------ Dataset records ------

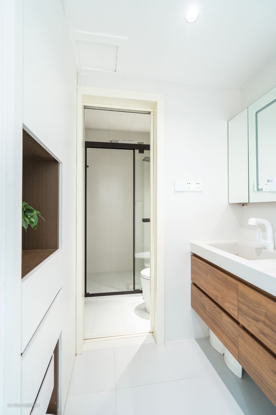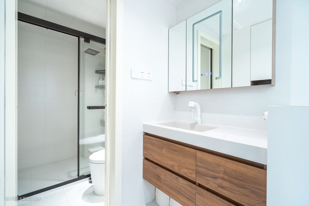 卫生间毗邻主卧,干湿三分离的设计,让空间利用率得到了最高,洗漱干区外置,身后的储藏柜也增添了不少的储物空间。
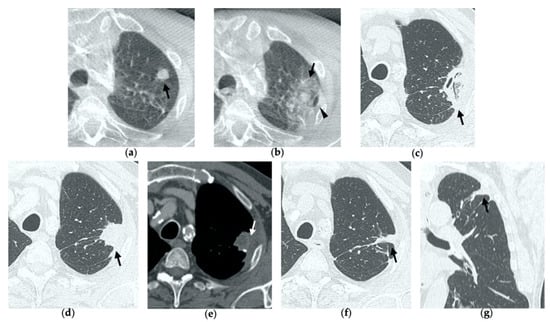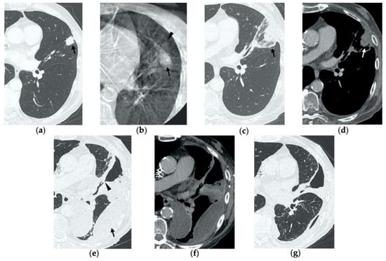 BPF is defined as communication between a bronchus and the pleural space through the ablation zone (Figure 6e,f). The management of this complication is challenging, since treatment may require insertion of a percutaneous drainage or eventually surgery, bronchoscopic or interventional procedures. As a result, BPF represents an extremely rare though potentially severe complication and it should be suspected in cases of delayed or persistent pneumothorax, detected with chest X-ray, respectively, during early and late follow-up CTs (Figure 7) [26].
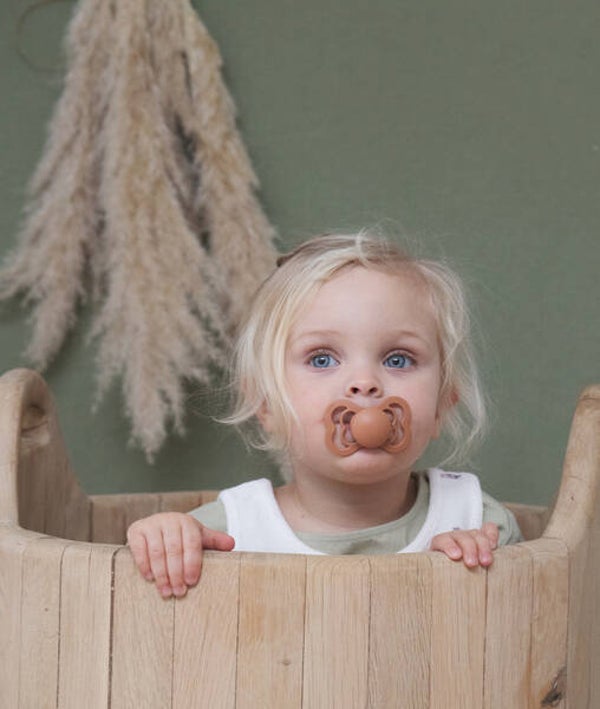 Deze Supreme BIBS fopspeen in latex heeft een vlindervormig schildje. De vorm van het speentje zelf is fysiologisch, en is een platter dan de klassieke BIBS-spenen. Fijn voor kindjes met doorkomende tandjes of als ze platte spenen gewent zijn.
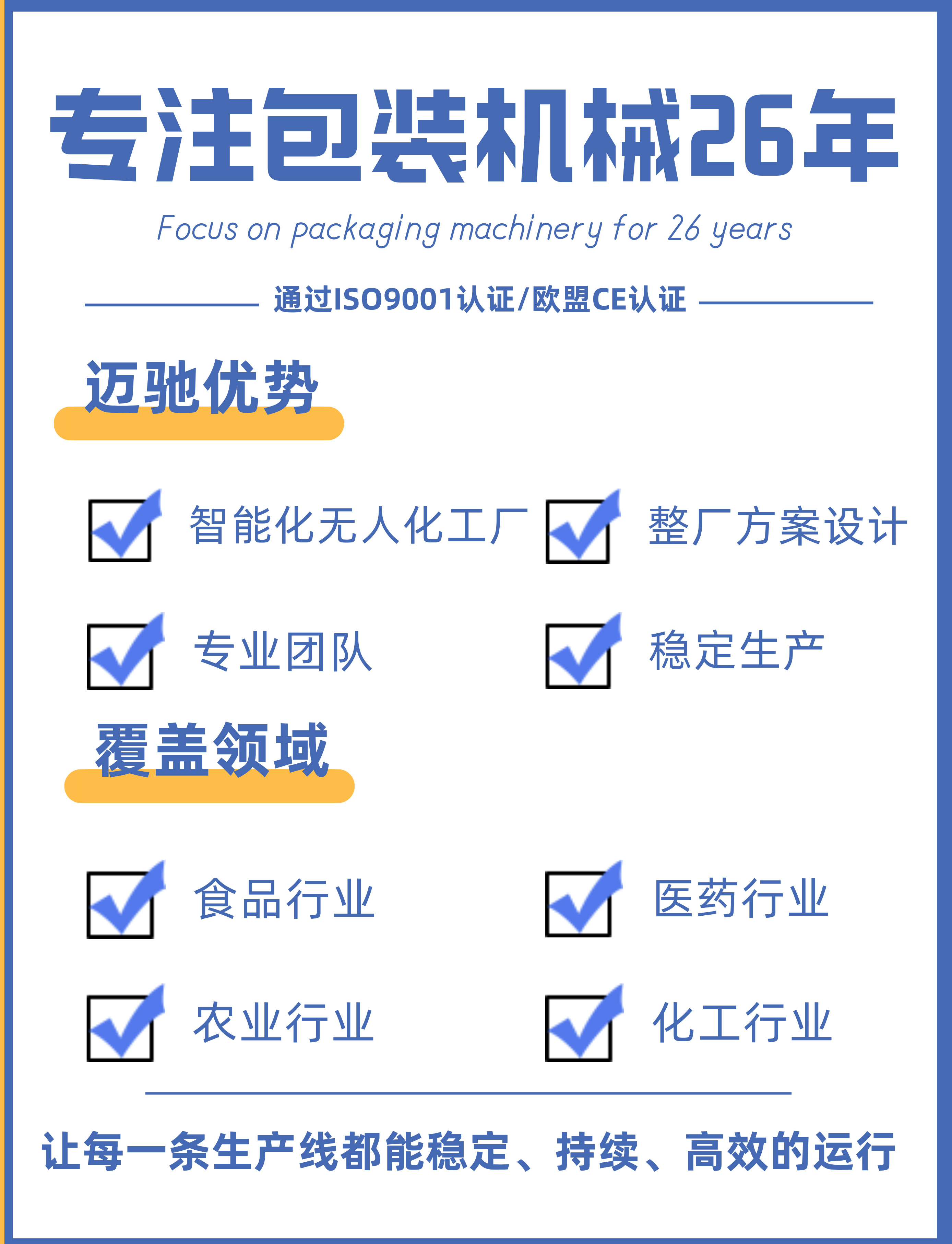 邁馳是一家專業(yè)生產(chǎn)全自動(dòng)多列粉劑、粉末包裝機(jī)整線廠家,可根據(jù)客戶不同物料特性定制一對(duì)一方案,可根據(jù)產(chǎn)量定制列數(shù)-有序理料裝盒-自動(dòng)裝箱-機(jī)器人碼垛。整廠方案設(shè)計(jì)...
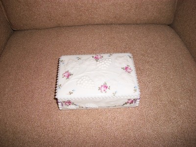 Title (ebay affiliate link): BEAUTIFUL VINTAGE WESTMORELAND MILK GLASS COVERED BOX WITH HAND PAINTED FLOWERS
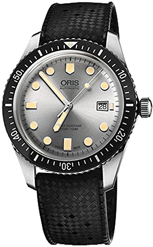 -. Feature : Stainless steel case with rubber strap. Uni-directional rotating bezel. Silver dial with silver-tone with luminous fill hands and index hour markers / Minute markers around the outer rim. Dial Type: Analog. Luminescent hands and markers. Date display at the 3 o'clock position / Oris Calibre 733 base SW200-1 automatic movement with about 38 hours of power reserve. Scratch resistant sapphire crystal. / Screw down crown. Solid case back. Case size: 42 mm. Round case shape. Deployment with push button clasp / Water resistant at 100 meters / 330 feet

------

I would like the lines from the one with "邁馳是一家專業(yè)生產(chǎn)全" through the last line of the data above retyped exactly, with pictures left out, please.

 邁馳是一家專業(yè)生產(chǎn)全自動(dòng)多列粉劑、粉末包裝機(jī)整線廠家,可根據(jù)客戶不同物料特性定制一對(duì)一方案,可根據(jù)產(chǎn)量定制列數(shù)-有序理料裝盒-自動(dòng)裝箱-機(jī)器人碼垛。整廠方案設(shè)計(jì)...
 Title (ebay affiliate link): BEAUTIFUL VINTAGE WESTMORELAND MILK GLASS COVERED BOX WITH HAND PAINTED FLOWERS
 -. Feature : Stainless steel case with rubber strap. Uni-directional rotating bezel. Silver dial with silver-tone with luminous fill hands and index hour markers / Minute markers around the outer rim. Dial Type: Analog. Luminescent hands and markers. Date display at the 3 o'clock position / Oris Calibre 733 base SW200-1 automatic movement with about 38 hours of power reserve. Scratch resistant sapphire crystal. / Screw down crown. Solid case back. Case size: 42 mm. Round case shape. Deployment with push button clasp / Water resistant at 100 meters / 330 feet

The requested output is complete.